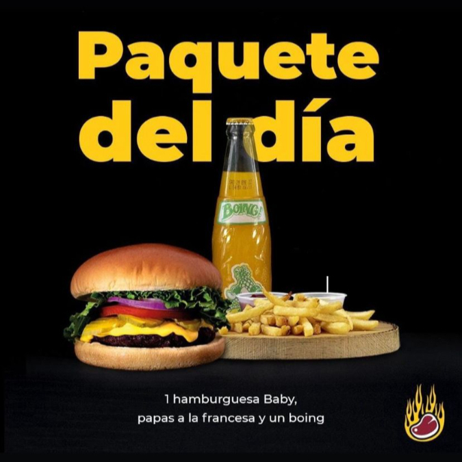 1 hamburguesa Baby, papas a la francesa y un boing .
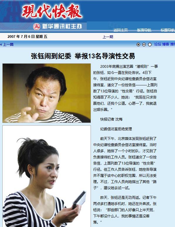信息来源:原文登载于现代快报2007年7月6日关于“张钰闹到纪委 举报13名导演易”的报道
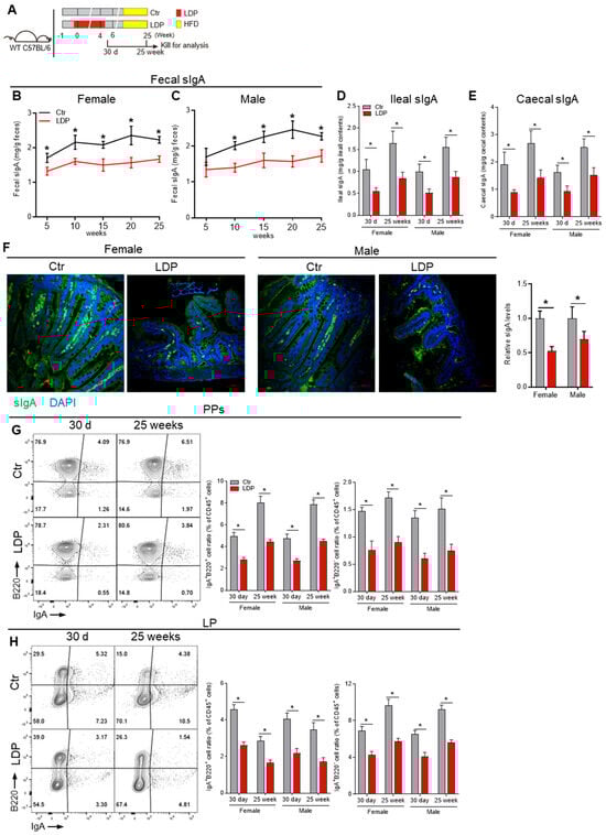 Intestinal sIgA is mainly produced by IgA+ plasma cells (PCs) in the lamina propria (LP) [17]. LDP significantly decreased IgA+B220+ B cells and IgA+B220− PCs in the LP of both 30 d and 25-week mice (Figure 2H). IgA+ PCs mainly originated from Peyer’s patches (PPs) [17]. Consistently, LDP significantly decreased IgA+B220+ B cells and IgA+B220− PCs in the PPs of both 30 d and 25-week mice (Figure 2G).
= = = =
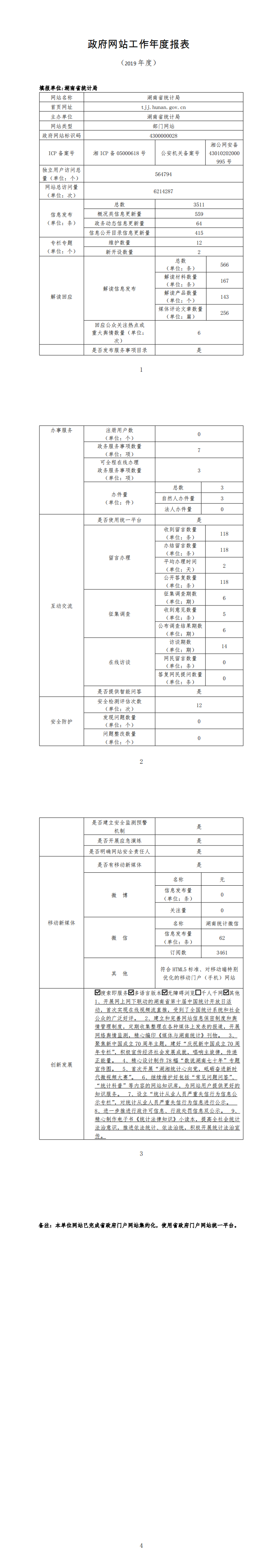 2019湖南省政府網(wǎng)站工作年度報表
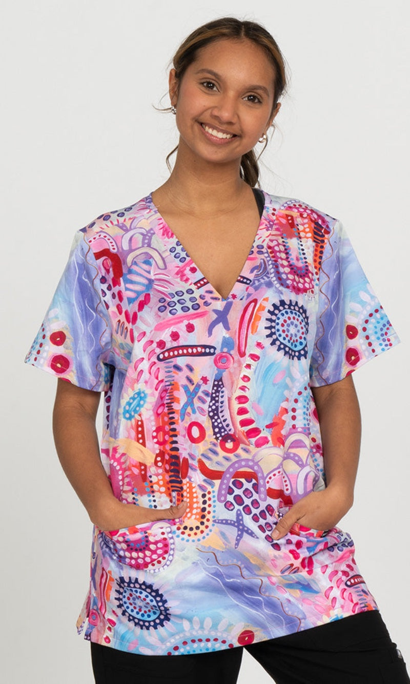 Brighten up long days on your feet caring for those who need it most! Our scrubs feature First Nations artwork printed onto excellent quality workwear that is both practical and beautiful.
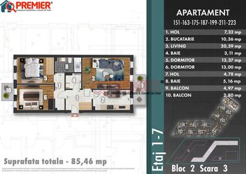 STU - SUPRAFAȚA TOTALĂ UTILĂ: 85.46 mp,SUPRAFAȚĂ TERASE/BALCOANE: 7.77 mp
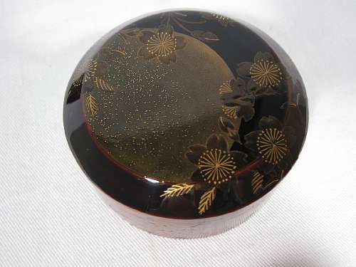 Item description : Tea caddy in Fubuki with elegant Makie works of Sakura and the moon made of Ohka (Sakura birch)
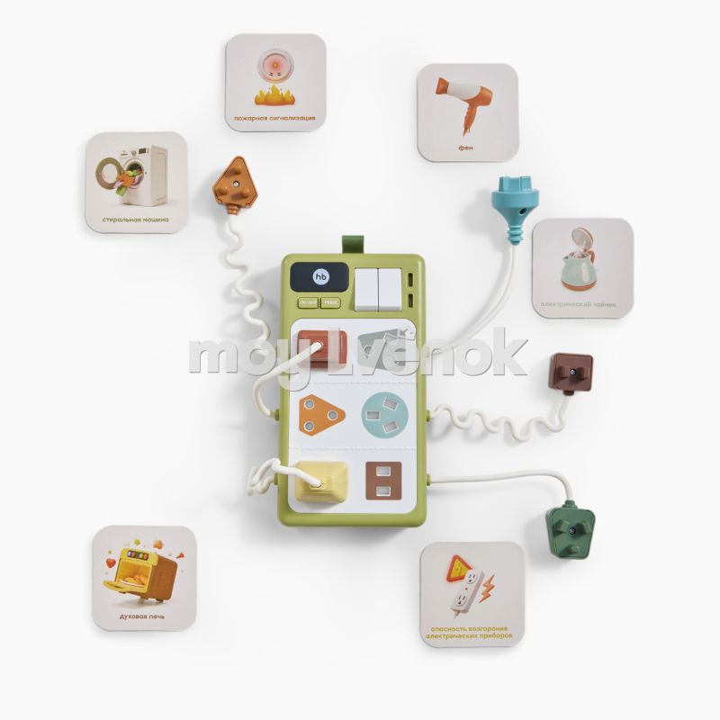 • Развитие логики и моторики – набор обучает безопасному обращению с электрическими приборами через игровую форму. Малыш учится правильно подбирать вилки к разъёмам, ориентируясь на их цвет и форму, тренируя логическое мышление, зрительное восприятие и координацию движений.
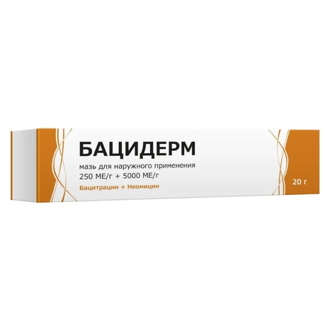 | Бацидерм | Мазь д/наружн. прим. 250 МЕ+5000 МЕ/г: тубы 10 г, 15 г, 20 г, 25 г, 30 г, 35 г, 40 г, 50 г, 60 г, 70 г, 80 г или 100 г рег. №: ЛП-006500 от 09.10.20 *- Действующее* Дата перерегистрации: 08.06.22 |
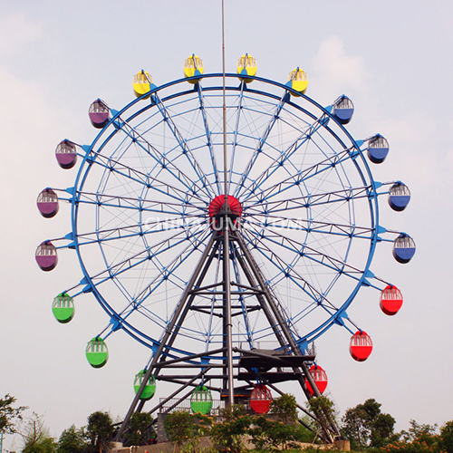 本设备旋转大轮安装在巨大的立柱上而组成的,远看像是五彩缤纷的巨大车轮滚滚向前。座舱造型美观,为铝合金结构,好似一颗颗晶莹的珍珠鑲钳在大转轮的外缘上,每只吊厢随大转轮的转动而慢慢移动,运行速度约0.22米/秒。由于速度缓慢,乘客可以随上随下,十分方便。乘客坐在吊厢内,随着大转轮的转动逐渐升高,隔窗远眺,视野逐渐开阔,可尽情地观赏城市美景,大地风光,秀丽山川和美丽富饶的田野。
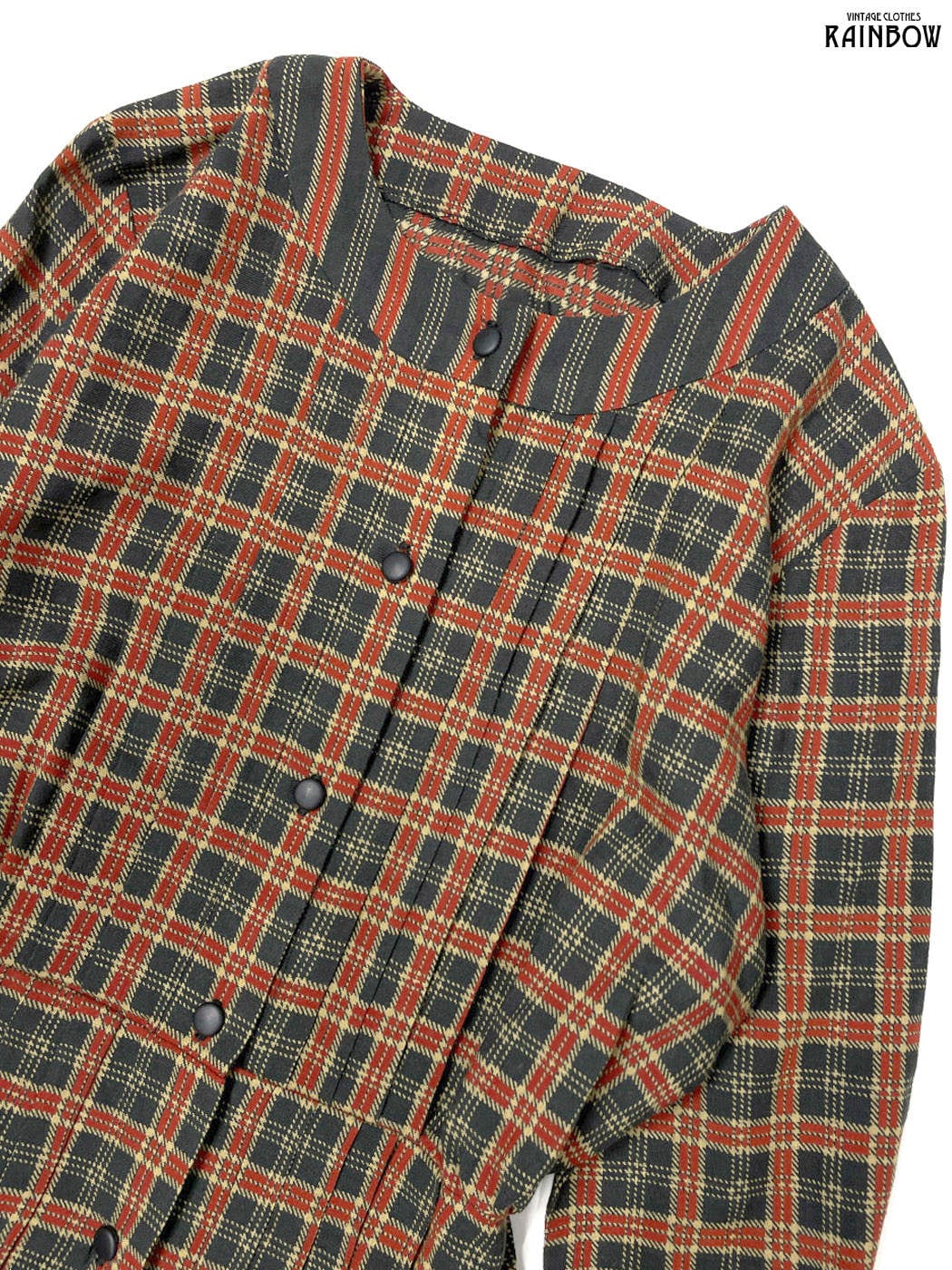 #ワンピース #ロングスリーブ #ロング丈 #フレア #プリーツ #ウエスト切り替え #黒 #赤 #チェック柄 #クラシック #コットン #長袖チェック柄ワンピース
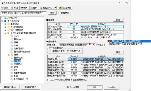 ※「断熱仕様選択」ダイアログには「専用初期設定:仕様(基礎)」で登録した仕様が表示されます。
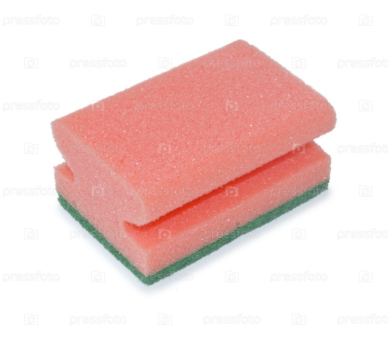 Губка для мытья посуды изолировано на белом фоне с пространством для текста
= = = =
## Exercise directions
Starting at the line above that has "Brighten up long" and ending at the line that has "Губка для мытья", copy each line exactly, leaving the pictures out and adding nothing.

## Output for this task
 Brighten up long days on your feet caring for those who need it most! Our scrubs feature First Nations artwork printed onto excellent quality workwear that is both practical and beautiful.
 STU - SUPRAFAȚA TOTALĂ UTILĂ: 85.46 mp,SUPRAFAȚĂ TERASE/BALCOANE: 7.77 mp
 Item description : Tea caddy in Fubuki with elegant Makie works of Sakura and the moon made of Ohka (Sakura birch)
 • Развитие логики и моторики – набор обучает безопасному обращению с электрическими приборами через игровую форму. Малыш учится правильно подбирать вилки к разъёмам, ориентируясь на их цвет и форму, тренируя логическое мышление, зрительное восприятие и координацию движений.
 | Бацидерм | Мазь д/наружн. прим. 250 МЕ+5000 МЕ/г: тубы 10 г, 15 г, 20 г, 25 г, 30 г, 35 г, 40 г, 50 г, 60 г, 70 г, 80 г или 100 г рег. №: ЛП-006500 от 09.10.20 *- Действующее* Дата перерегистрации: 08.06.22 |
 本设备旋转大轮安装在巨大的立柱上而组成的,远看像是五彩缤纷的巨大车轮滚滚向前。座舱造型美观,为铝合金结构,好似一颗颗晶莹的珍珠鑲钳在大转轮的外缘上,每只吊厢随大转轮的转动而慢慢移动,运行速度约0.22米/秒。由于速度缓慢,乘客可以随上随下,十分方便。乘客坐在吊厢内,随着大转轮的转动逐渐升高,隔窗远眺,视野逐渐开阔,可尽情地观赏城市美景,大地风光,秀丽山川和美丽富饶的田野。
 #ワンピース #ロングスリーブ #ロング丈 #フレア #プリーツ #ウエスト切り替え #黒 #赤 #チェック柄 #クラシック #コットン #長袖チェック柄ワンピース
 ※「断熱仕様選択」ダイアログには「専用初期設定:仕様(基礎)」で登録した仕様が表示されます。
 Губка для мытья посуды изолировано на белом фоне с пространством для текста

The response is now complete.